THE PROBLEM: The reply must contain exactly the lines below from the one with "Once there, he" down to the one with "Statue of Daniel", both included, and nothing more; please omit the pictures.

EXERCISE DATA:
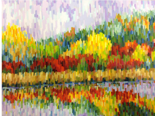
Westport Pond, Rainy Morning, 11x14_ $300

Once there, he gained experience in sculpture, painting, drawing and even working with fine metals.
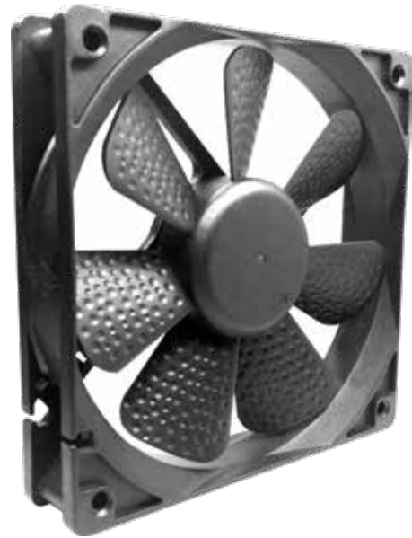
120x120x25mm DC Golf Fan P/Q Curves (At rated speed)
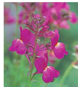
Magenta Rose FLN101
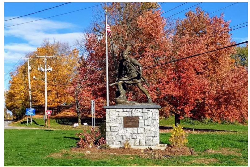
Statue of Daniel Nimham, at intersection of Routes 52 and 82

a. Prepare a full inventory of historic sites and structures in the Town of Fishkill and follow up with additional recommendations (e.g., nominate qualifying sites/structures for NYS and National Registers of Historic Places).
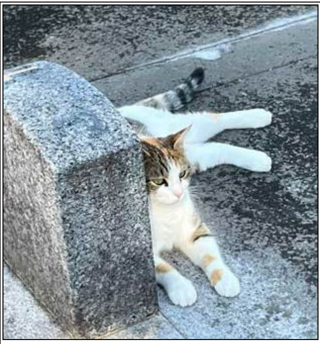
Sally Mae resting from Easter Day
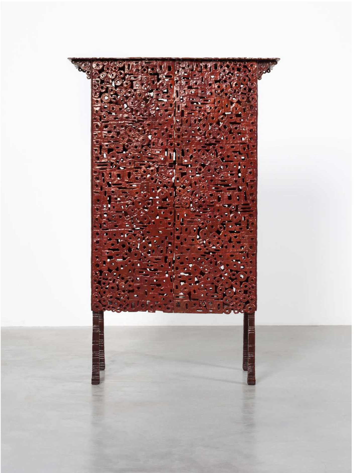
INGRID DONAT | CABINET KLIMT | 2015 COURTESY CARPENTERS WORKSHOP GALLERY

YOUR SOLUTION:
Once there, he gained experience in sculpture, painting, drawing and even working with fine metals.
120x120x25mm DC Golf Fan P/Q Curves (At rated speed)
Magenta Rose FLN101
Statue of Daniel Nimham, at intersection of Routes 52 and 82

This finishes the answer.